The CCPA study also points to the risk of relying on a market-based approach to expand child care spaces. Regrettably, BC government initiatives to date have largely depended on individual organizations to develop new spaces and apply for a range of siloed public programs to fund them. Access to public funds has enabled for-profit providers to acquire real estate assets (child care facilities). This has helped to incentivize extensive growth in the for-profit child care sector, which this study found is significantly more expensive for parents and which other studies have documented tends to provide lower quality services.

The BC government made a strong commitment to key elements of child care system-building in the 2020 election. To achieve their commitments, it is essential that new public investments— both federal and provincial—are accountable for advancing a public system of high quality, affordable child care for all families who choose it across BC.

As recommended in the $10aDay Child Care Plan, the BC government needs to:

  1. Substantially increase direct funding to child care providers annually to secure lower parent fees, moving towards a set maximum fee of $10aDay, along with competitive wages for early childhood educators (ECEs), including a competitive provincial ECE wage grid.
  2. Stop providing public funds to acquire private assets, and introduce a multi-year child care capital budget to develop publicly owned child care facilities.
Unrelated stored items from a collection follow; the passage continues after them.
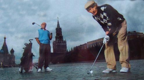 Ein überraschendes Angebot von „Golf House“ im GUM gegenüber dem Kreml, dunkle Wolken und Nieselregen, aber die Jungs aus meinem spontan zusammengestellten Flight waren gut drauf: Igor (76, rechts), in den 50er Jahren Teaching Pro bei Fidel Castro, seit langem aber ohne eigene Ausrüstung, lieh sich ein 7er Eisen (!) von Fjodor (links, mit vollem Callaway-Satz - von seinem Ostberliner Schwager ausgemustert), teete unter heftigen Rückenschmerzen auf und schlug dann aber dank unglaublicher Schwungtechnik (gelernt ist gelernt!) ab bis zum Auferstehungstor, während der arrogante Fjodor seinen schönen Big-Bertha-Driver kurz nach diesem Schnappschuss voll auf’s Pflaster des Roten Platzes knallte.
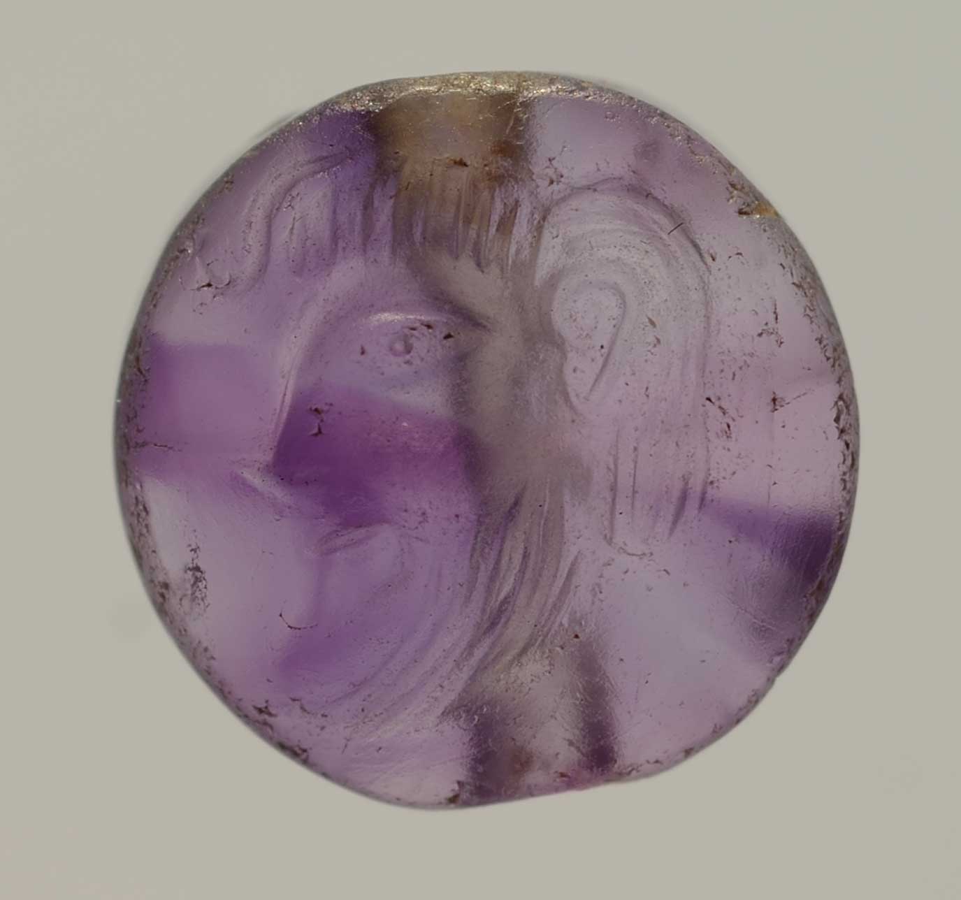 On this minuscule amethyst disc-shaped seal (measuring 9mm in diameter), a gifted and experienced Minoan craftsman has depicted a lively, exquisitely detailed and unprecedentedly artistic representation of a male head in profile. The man has a beard, fluffy hair with a characteristic lock over the forehead and his mouth is open. A transparent hole permitted the object’s use as a neck or arm pendant.
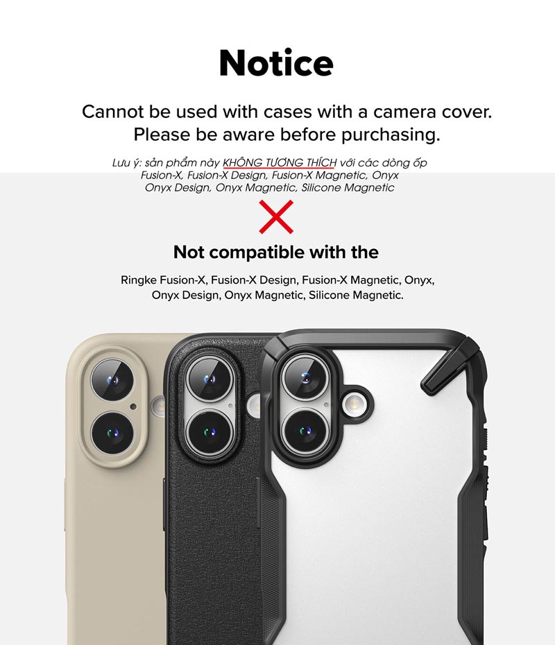 - KHÔNG tương thích với ốp lưng RINGKE: Fusion-X, Fusion-X Design, Fusion-X Magnetic, Onyx, Onyx Design, Onyx Magnetic, Silicone Magnetic
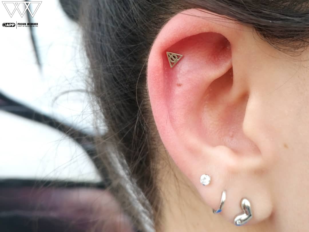 Here’s a fresh piercing I performed during my guest spot at Ahimsa Piercing Studio in Brooklyn, New York. The client chose a logo that resembles something from Harry Potter, but I’m not entirely sure of its origin. What I do know is that it fit perfectly in their ear! It’s always a great feeling when the jewelry aligns so well with the anatomy. Thanks for trusting me with this one, and I’m really happy with how it came out. Thanks for looking!
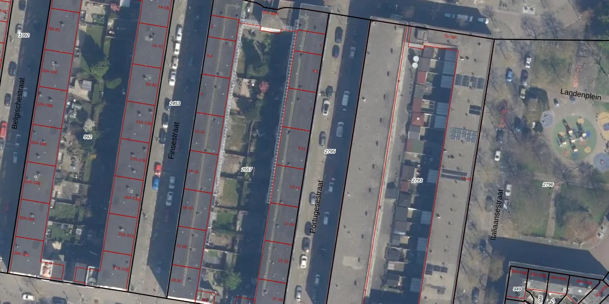 Het perceel waarop Portugesestraat 9 staat heeft een oppervlakte van 3846 m². Dit is een zeer groot perceel. De perceeloppervlakte wordt geregistreerd door het Kadaster. Gedetailleerde informatie over de maten van dit perceel kunt u vinden in het rapport Kadastrale kaart met maatvoering van Portugesestraat 9.
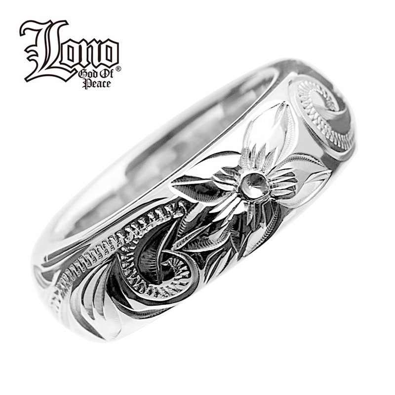 Lono定番人気シリーズのバレルリング。彫り模様にはLonoオリジナルのオールドイングリッシュというプルメリアとスクロールが描かれています。フラットタイプと違い、膨らみがるのが特徴。 ご注文後のキャンセル、変更がお伺い出来ませんので どうぞご了承くださいませ。 当店ははロノ正規取扱店です。 商品にはロノのギャランティーカードが付属いたします。素材:シルバー925幅:6mm 厚み:3mm
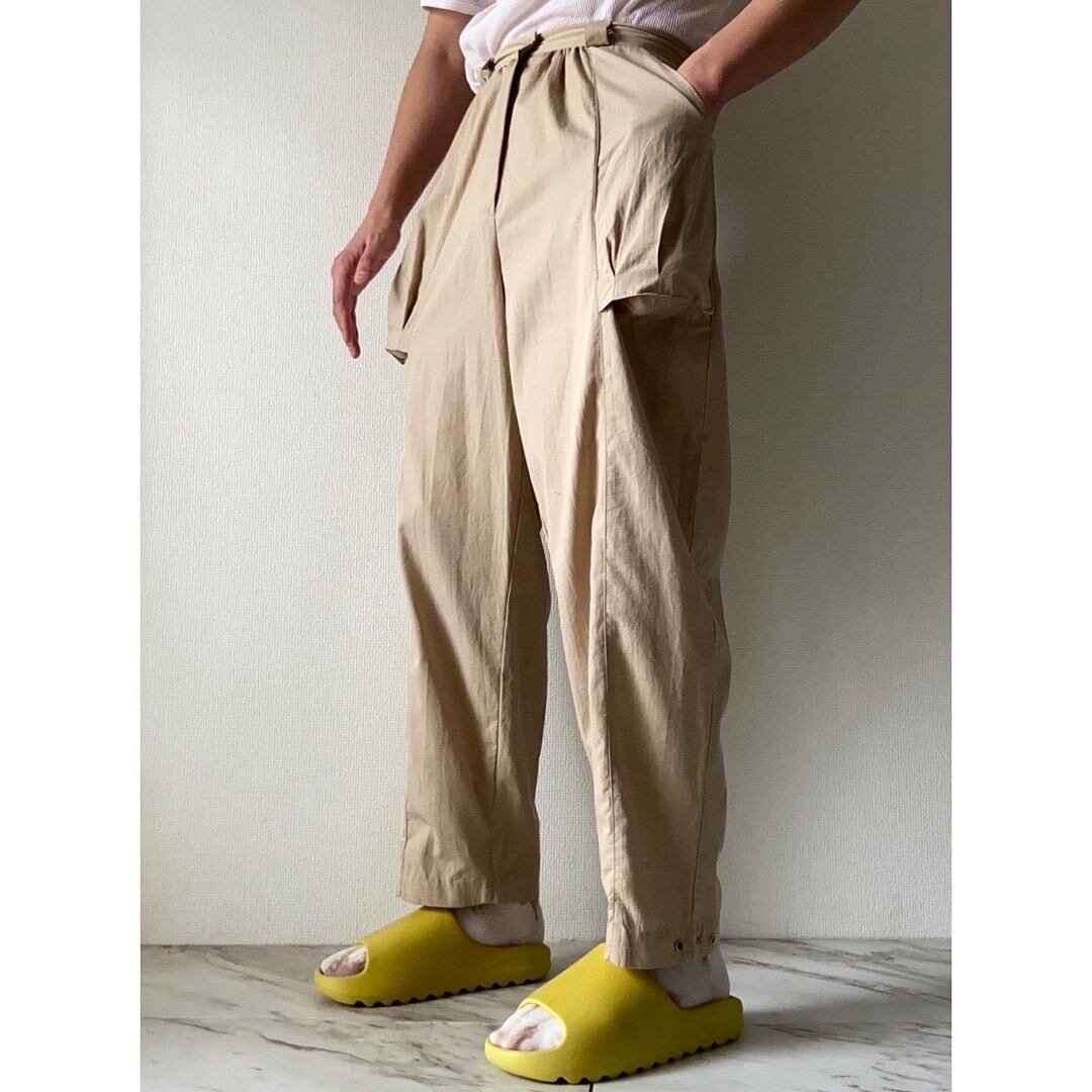 マチ付き、タック入りサイドポケット センターシームが入ることによって、ゆるっとしすぎないシルエットに 仕上げにテーパード
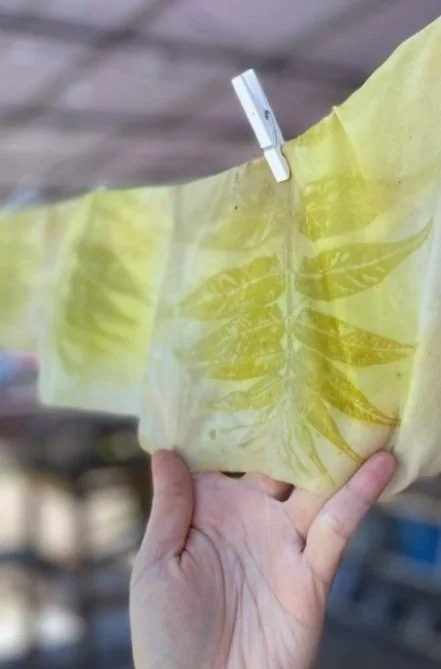 Top: Foraged and Eco-Printed Tree of Paradise
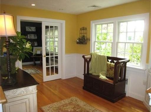 Golfers Needed! This Cape plays like a Colonial with 4 beds, 3.5 baths, 2 car garage with details such as hwd, wainscoting, chair rails, built ins and decorative molding. Enjoy the views of the greens while dinning in front of the brick fireplace. Sun lit living room with French doors leads you to the home office with built in cherry desk and cabinetry. Master Bedroom features walk in closet and en suite bath with classic subway tile, double sinks, lots of storage and 2nd floor laundry.
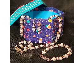Freshwater pearl necklace, 18", with sterling silver beads, matching 8" bracelet and matching French Wire earrings.
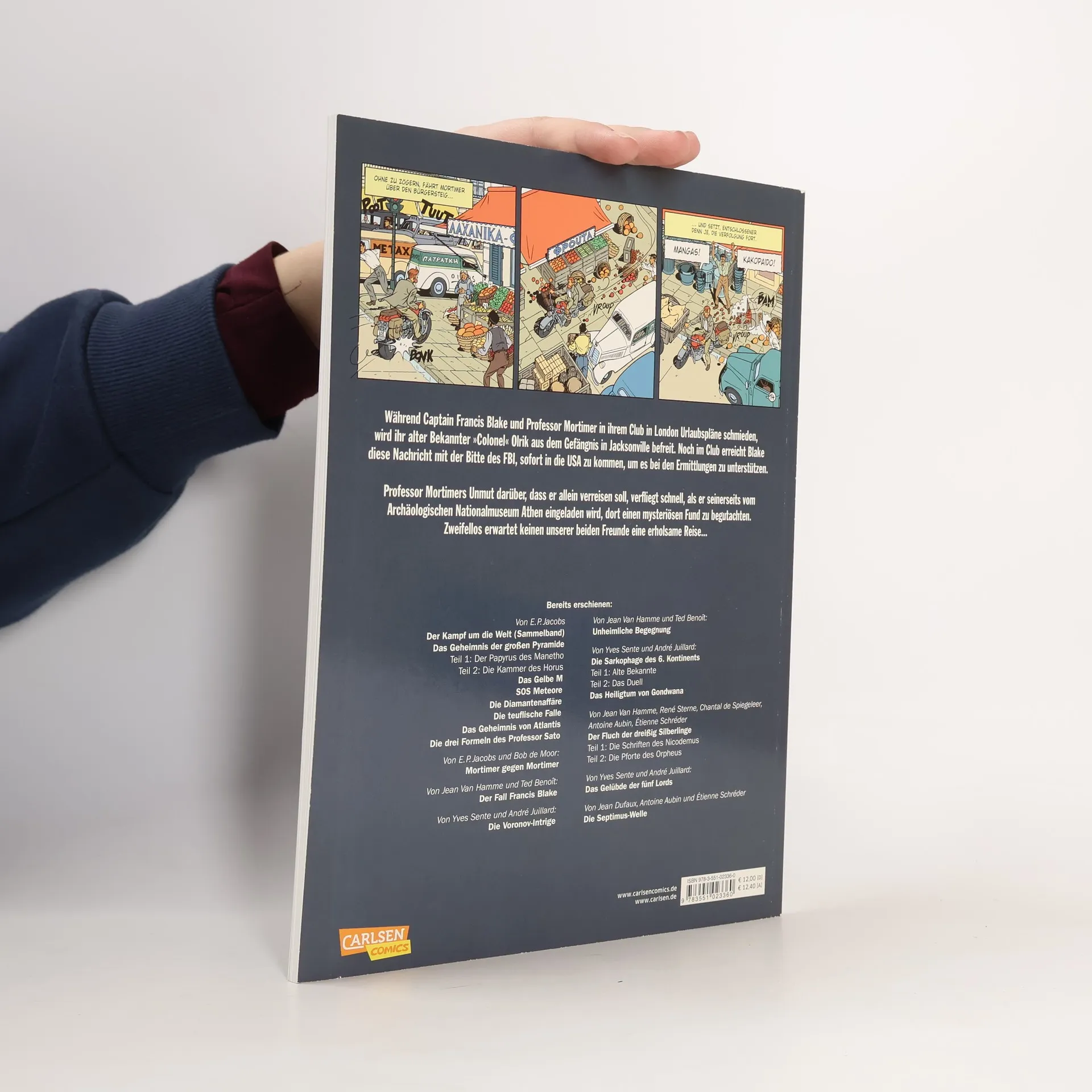 Ein Judas-Lohn? Während Captain Francis Blake und Professor Mortimer in ihrem Club in London Urlaubspläne schmieden, wird ihr alter Bekannter „Colonel“ Olrik aus dem Gefängnis in Jacksonville befreit. Noch im Club erreicht Blake diese Nachricht mit der Bitte des FBI, sofort in die USA zu kommen, um bei den Ermittlungen zu helfen. Professor Mortimers Unmut darüber, dass er allein verreisen soll, verfliegt schnell als er seinerseits vom Archäologischen Nationalmuseum Athen eingeladen wird, dort einen mysteriösen Fund zu begutachten. Zweifellos erwartet keinen unserer beiden Freunde eine erholsame Reise... Diese Geschichte ist der erste Teil eines Doppelabenteuers, das in Band 17 der Reihe weitergeführt wird. Die Serie „Blake und Mortimer“ Die Serie um die beiden Briten Hauptmann Francis Blake und Professor Philip Mortimer gehört zu den besten und erfolgreichsten Reihen für erwachsene Comicleser. Mit dem Charme und dem Duktus der 1950er Jahre entführt sie die Leser in spannende und manchmal mystische Welten. Gerade diese Mischung aus realer Geschichte und Elementen aus Mythologie, Science-Fiction und Thriller macht die Faszination aus. Wenn diese Melange von zwei echten britischen Gentlemen dargereicht wird, muss man nur noch Hut und Mantel an der Garderobe abgeben und sich in den bequemen Sessel eines Londoner Clubs sinken lassen, um vollends in die Serie einzutauchen.
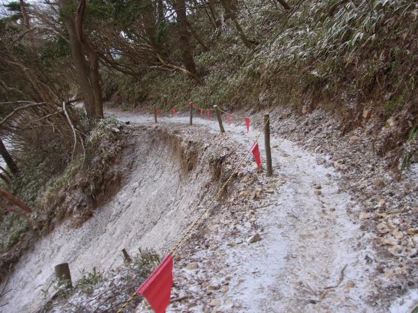 昨日から気温が下がってきたので、上の方は道が氷初めていますので、注意してください。

As we explained in an earlier article:

Like schools, child care facilities are a crucial part of our community infrastructure and government should play a leadership role in creating them. This would allow for proper capacity planning, creating quality spaces faster and more affordably, and ensuring that public investments create public—not private—assets. In fact, BC cannot transform the existing patchwork of child care services into a coherent quality system without a capital plan and budget for child care expansion—plus additional investments to recruit and retain well-qualified, fairly compensated educators to staff the system.

The provincial government will table its 2021 budget next month. It is an opportunity to course-correct by channeling the new, multi-year investments in child care to build an effective public system. Getting it right now will not only jump-start the pandemic recovery and advance gender equity, it will set up BC to become one of the best places to raise children in Canada.